S_theta, mu_theta = update_parameters(S_theta, mu_theta, 2., 2., seps)
display(S_theta, mu_theta)

key, subkey = random.split(key)
theta_sample = dists.MultivariateNormal(mu_theta, S_theta).rsample(key, sample_shape=(100,))
DeviceArray([[20.039701 , -9.920645 ],
             [-9.920645 ,  5.1587353]], dtype=float32)
DeviceArray([0.39682388, 0.7936516 ], dtype=float32)
distb = hv.Distribution(theta_sample[:, 0], 'b').opts(height=125)
distw = hv.Distribution(theta_sample[:, 1], 'w').opts(width=125)
hv.Bivariate(theta_sample, kdims=['b', 'w']).opts(cmap='Blues', line_width=0, filled=True, width=350) << distw << distb

with this the space of possible models is constrained, as shown by the samples of the posterior predictive distribution

predictive = []
for (b, w) in theta_sample:
    predictive.append(x_test*w + b)
plots = []
for line in predictive:
    plots.append(hv.Curve((x_test, line)))
data = hv.ErrorBars([(2,2,2*seps)])
hv.Overlay(plots).opts(hv.opts.Curve(color='#30a2da', width=500, alpha=0.1)) * data

Let’s assume that we observe a additional data point at \(x=-2\), \(y=-2\)

We will use the previous posterior as prior and update the parameters again

S_theta, mu_theta = update_parameters(S_theta, mu_theta, -2., -2., seps)
display(S_theta, mu_theta)

key, subkey = random.split(key)
theta_sample = dists.MultivariateNormal(mu_theta, S_theta).rsample(key, sample_shape=(100,))
DeviceArray([[ 4.9019602e-01, -2.9072593e-08],
             [-2.9072593e-08,  1.2437809e-01]], dtype=float32)
DeviceArray([1.1920929e-07, 9.9502492e-01], dtype=float32)
distb = hv.Distribution(theta_sample[:, 0], 'b').opts(height=125)
distw = hv.Distribution(theta_sample[:, 1], 'w').opts(width=125)
hv.Bivariate(theta_sample, kdims=['b', 'w']).opts(cmap='Blues', line_width=0, filled=True, width=350) << distw << distb

The space of possible models is further reduced

predictive = []
for (b, w) in theta_sample:
    predictive.append(x_test*w + b)
plots = []
for line in predictive:
    plots.append(hv.Curve((x_test, line)))
data = hv.ErrorBars([(2,2,2*seps), (-2,-2, 2*seps)])
hv.Overlay(plots).opts(hv.opts.Curve(color='#30a2da', width=500, alpha=0.1)) * data

Bayesian solution for the predictions

Don’t forget our goal

We want a model to predict \(y\) for unseen examples \(x\) given our training set

We can write this in “bayesian” as \(p(y | x, \mathcal{D})\), the posterior predictive distribution

Previously we looked at samples from this distribution.

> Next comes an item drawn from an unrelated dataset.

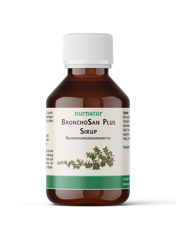 Unser wohltuender BronchoSan Plus Sirup kombiniert wertvolle Pflanzenextrakte mit hochwertigem Manuka Honig, um Sie optimal durch die kalten Wintermonate zu begleiten.
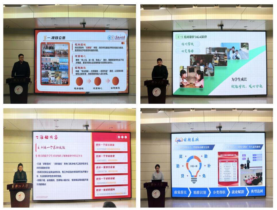 答辩会上,各项目答辩老师就项目背景、核心设计理念、具体实施方案、创新特色亮点及预期建设成效等维度进行了PPT展示汇报,从“成长赋能工作坊”到“研学计划”、从“资助政策宣传”到“爱心志愿服务队”,每一个项目都是学院精心打磨的“育人作品”,充分彰显了各活动项目的实践应用价值与创新发展潜力,也展示着我校资助育人工作的厚度与温度。

We can obtain an expression for it by marginalizing \(\theta\) in

\[\begin{split} \begin{align} p(y | x, \mathcal{D}) &= \int p(y, \theta | x, \mathcal{D}) d\theta \nonumber \\ &= \int p(y| \theta, x, \mathcal{D}) p(\theta| \mathcal{D}, x) d\theta \nonumber \\ &= \int p(y| \theta, x) p(\theta| \mathcal{D}) d\theta, \nonumber \end{align} \end{split}\]

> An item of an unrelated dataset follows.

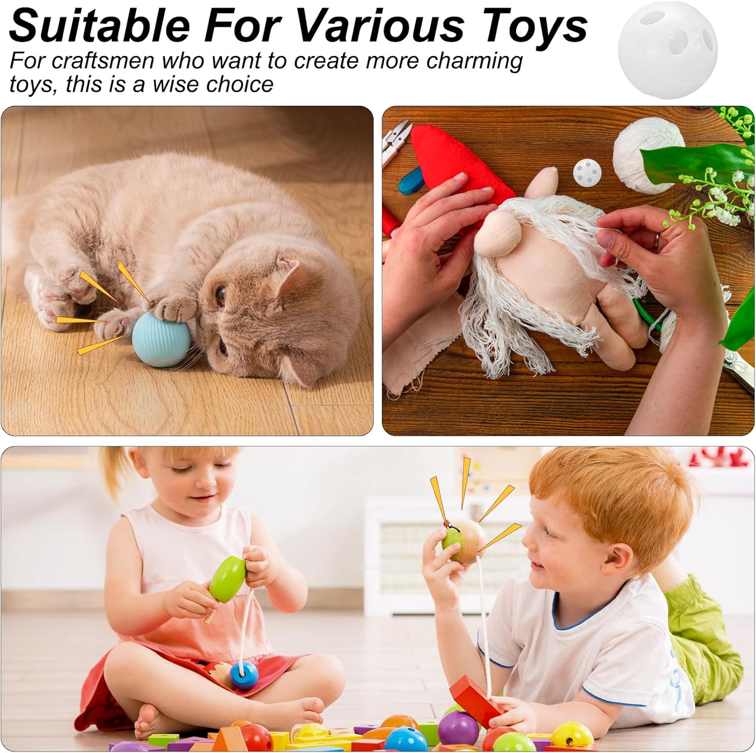 【Materiali di alta qualità】: Realizzate in resistente plastica ABS e PS, queste palline sonaglio da cucire sono adatte a un uso frequente. Sono resistenti, leggere e mantengono la loro forma e il loro suono anche dopo innumerevoli progetti e utilizzi. 【Ideale per il fai da te】: Un'aggiunta divertente per gli appassionati che desiderano aumentare il coinvolgimento. L'inserto con sonaglio dà vita ai peluche e ispira un divertimento creativo e veloce per gli animali domestici e chiunque ami i giocattoli interattivi. 【Veloce e facile da usare】: Basta inserire le palline sonaglio nelle tue creazioni di peluche o all'uncinetto per creare suoni delicati e piacevoli. I suoni delicati attirano l'attenzione senza essere invadenti: perfetti per creare giocattoli per animali domestici o per interazioni divertenti. 【Perfetti per una varietà di giocattoli】: Che si tratti di un orsacchiotto di peluche, una bambola fatta a mano o un giocattolo da masticare per animali domestici, gli inserti sonaglio aggiungono suoni coinvolgenti. Una scelta intelligente per gli appassionati che desiderano aggiungere fascino ai giocattoli. 【La confezione include】: 30 palline sonaglio per confezione, ciascuna di 24 mm di diametro, così avrai sempre delle palline di ricambio per lavori di bricolage o riparazioni. Ideale per creare giocattoli, potenziare i peluche o come materiale per futuri progetti creativi.

note that \(y\) is conditionally independant of \(\mathcal{D}\) given \(\theta\)

For our linear regression

\[\begin{split} \begin{align} p(y|x, \mathcal{D}, \sigma_\epsilon^2) &= \int p(y|f_\theta(x), \sigma_\epsilon^2) p(\theta| \theta_{N}, \Sigma_{\theta_N}) d\theta \nonumber \\ &= \mathcal{N}\left(y|f_{\theta_N} (x), \sigma_\epsilon^2 + x^T \Sigma_{\theta_N} x\right) \end{align} \end{split}\]

Note

The posterior predictive is Gaussian, because the convolution of gaussians is gaussian

If we consider that \(N\) samples were presented and that \(\mu_0=0\) then

\[ \theta_{N} = (\Phi^T \Phi + \sigma_\epsilon^2 \Sigma_{\theta_0}^{-1})^{-1} \Phi^T y \]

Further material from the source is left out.